Oil prices climb as tensions with Iran persist
U.S oil prices are hitting levels not often seen in the winter time as instability with Iran, coupled with surging demand in developing nations drive up prices.
Tensions with Iran, growing demand from China and other developing nations and still-reduced supply from Libya have sent oil prices to winter-time highs in the United States.
This time last year, the unfolding revolution in Libya sent prices climbing, putting pressure on the still-recovering global economy. Prices reached $100 a barrel last year before falling back to about $80 a barrel. Prices had been steady there until the recent tensions with Iran — and that country's threats to close the Straits of Hormuz — sent prices back upward. Crude oil prices in New York are $103 as of today — though they've been as high as $119 this week.
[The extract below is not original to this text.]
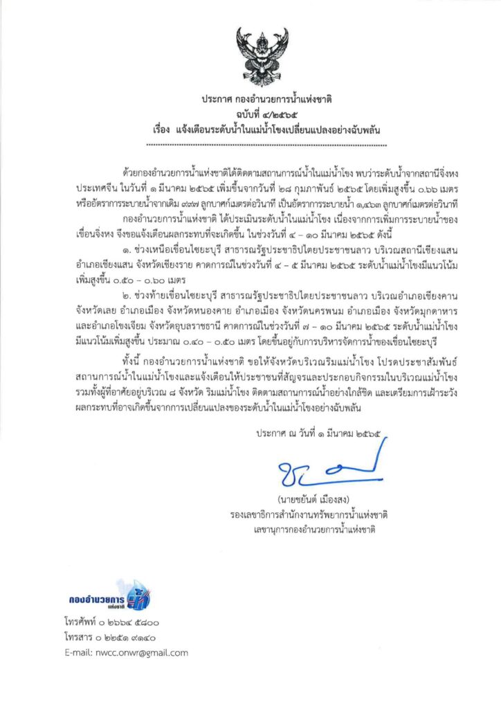 กรุงเทพฯ 2 มี.ค. – สทนช. เตรียมส่งหนังสือถึงทางการจีนเป็นครั้งที่ 2 เพื่อขอความร่วมมือแจ้งเตือนก่อนปล่อยน้ำจากเขื่อนในแม่น้ำโขง ซึ่งจะทำให้ 8 จังหวัดริมแม่น้ำโขงของไทยมีเวลาเตรียมพร้อมรับสถานการณ์ที่ระดับน้ำจะสูงขึ้น ดังล่าสุดที่จีนระบายน้ำเพิ่มจากเขื่อนจิ่งหงเมื่อวันที่ 28 ก.พ. ซึ่งระดับน้ำจะสูงขึ้นฉับพลันกว่า 60 ซม. แต่ไม่แจ้งมายังไทย ซึ่งกองอำนวยการน้ำแห่งชาติออกประกาศเตือนทางจังหวัดและประชาชนแล้ว

Lisa Margonelli, a fellow at the New America Foundation, said she's baffled by the pronouncement that Iran would cut off oil shipments in advance of the new sanctions going into effect. Though she pointed out that just one Iranian news agency said the country would end shipments to six European countries, and other news agencies in fact said that was not the case.
"There's a lot of factions inside Iran. The power is not solidified and they don't have a unified message. Everyone is saying something different," she said. "That's on instability."
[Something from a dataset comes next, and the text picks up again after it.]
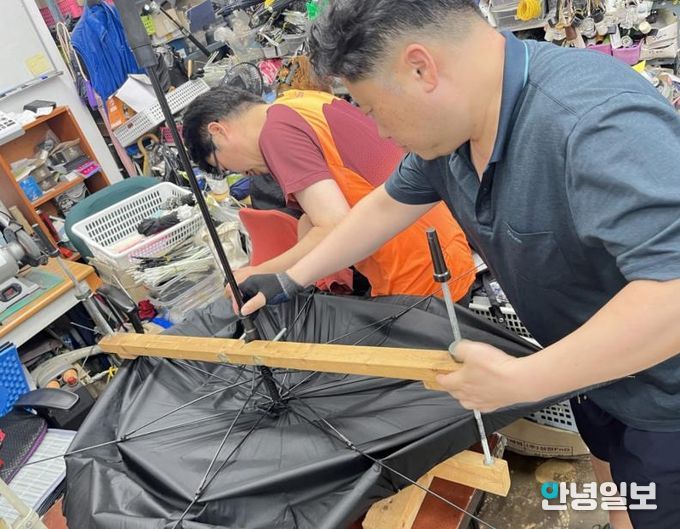 운영 시간은 매주 월~수요일(공휴일 휴무) 오전 9시 30분부터 오후 3시 30분까지다. 생활 우산을 대상으로 1인당 2개까지 수리할 수 있다. 골프우산·수입 우산·고급 양산 등 특정 부품이 필요한 우산은 수리하지 않는다.

Margonelli suggested the "happy solution" may be that the price of oil rises, but no military conflict occurs. A price increase would certainly hurt Europe and the United States. Russia and other MIddle Eastern countries are fond of prices increasing — because it produces more revenue for them.
But it's hard to know how this will all play out, because, ultimately, the large economies all import as well as export. China, for example, may be able to get lower prices for oil from Iran, but may have to pay higher prices for the oil it gets from Russia, Margonelli said.
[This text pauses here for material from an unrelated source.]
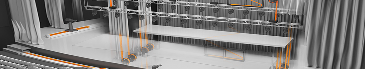 Elk podium is uniek, hetgeen betekent dat componenten niet alleen krachtig, duurzaam en efficiënt moeten zijn, maar ook perfect op elkaar aan moeten sluiten. Theater en podiumbouw kennen specifieke technische uitdagingen. Deze uitdagingen omvatten hoge belastingen, zoals die optreden op traversen, podiumverlichting of complete podiumplatforms, welke veilig en betrouwbaar moeten kunnen bewegen. Daarnaast moet technische apparatuur geruisloos en uit het zicht functioneren, zodat ze niet met de voorstelling interfereren. igus® maakt energietoevoersystemen, zeer flexibele kabels en kunststof lagers die exact aan deze eisen voldoen. Omdat igus® bouwpakketten en een breed scala aan componenten levert, is het mogelijk om snel en eenvoudig maatwerkapplicaties te implementeren.
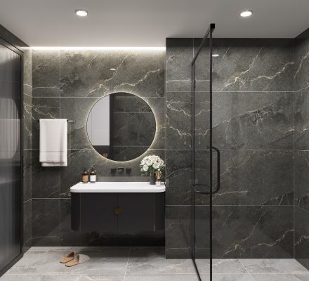 Gạch vân đá mang lại cảm giác tự nhiên, thanh lịch và rất được ưa chuộng trong thiết kế phòng tắm cao cấp. Bạn có thể chọn gạch vân đá marble sáng màu để tạo sự sang trọng hoặc gạch vân đá tối màu để tăng chiều sâu và sự ấm cúng.

"The other thing is, I just don't understand how Iran thinks it's going to determine who gets its oil. That was certainly possible in the 1973 oil embargo, because every tanker had an address sticker on it. But that's not the case now. The oil leaves the ports and can be traded 300 times in the tanker before it reaches its eventual destination."
In the United States, the oil instability will likely play a major role in this year's political debates. The recent transportation proposal from House Republicans, for example, is funded in large part by increased domestic oil drilling.
"As prices rise, people are going to be fighting between their anger with the oil companies and their anger at President Obama," she said. "It really has a strong possibility of impacting every household across the country."